Rambus is still involved in litigation regarding its memory patents in California against manufacturers Hynix, Nanya, Micron, and Samsung.
Rambus has been accused by the European Commission in the past of 'patent ambushing'. It participated in the setting of industry wide standards for dynamic random access memory (DRAM) and then asked for money because it had patents for some of the agreed technology, the European Commission said in 2007.
"Therefore, every manufacturer wishing to produce synchronous DRAM chips or chipsets consequently must either acquire a licence from Rambus or litigate its asserted patent rights," said a Commission statement in 2007 on a Statement of Objections to its behaviour.

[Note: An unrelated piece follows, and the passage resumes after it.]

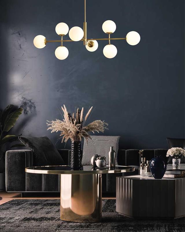Lámpara de colgar disponible en color oro o negro compuesta de 20 brazos con tulipa de cristal opal blanco
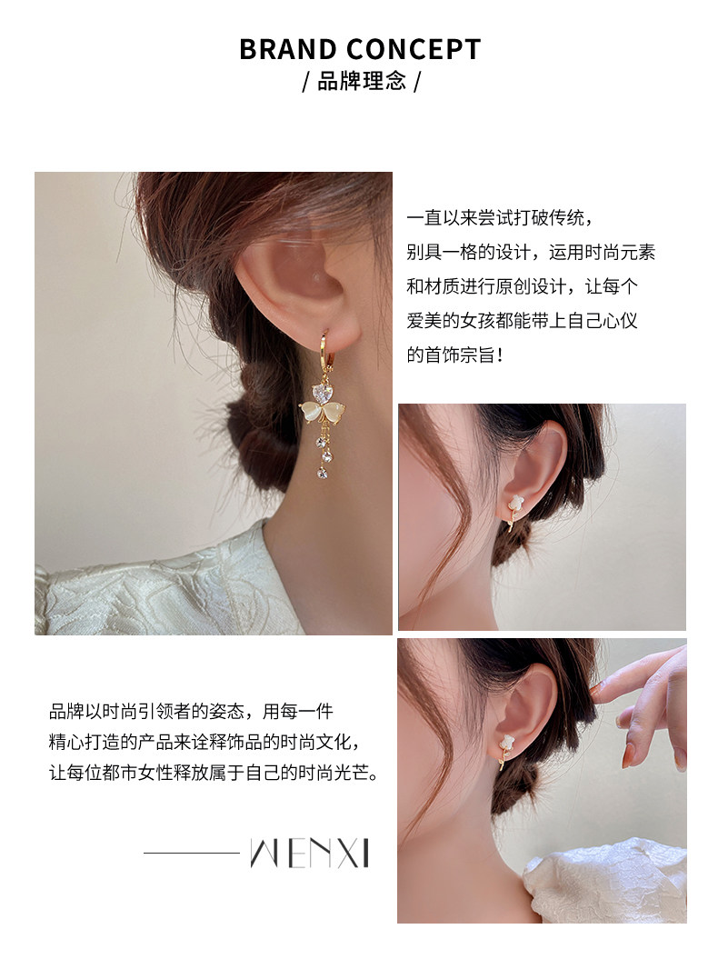 輕奢三葉草耳環2026年新款小衆設計感高級流蘇耳釦女氣質秋冬耳飾

"The Statement of Objections outlines the Commission’s preliminary view that Rambus engaged in intentional deceptive conduct in the context of the standard-setting process, for example by not disclosing the existence of the patents which it later claimed were relevant to the adopted standard," it said.
"This type of behaviour is known as a 'patent ambush'. Against this background, the Commission provisionally considers that Rambus breached the EC Treaty's rules on abuse of a dominant market position by subsequently claiming unreasonable royalties for the use of those relevant patents," said the statement.
Rambus said that it will appeal Robinson's ruling.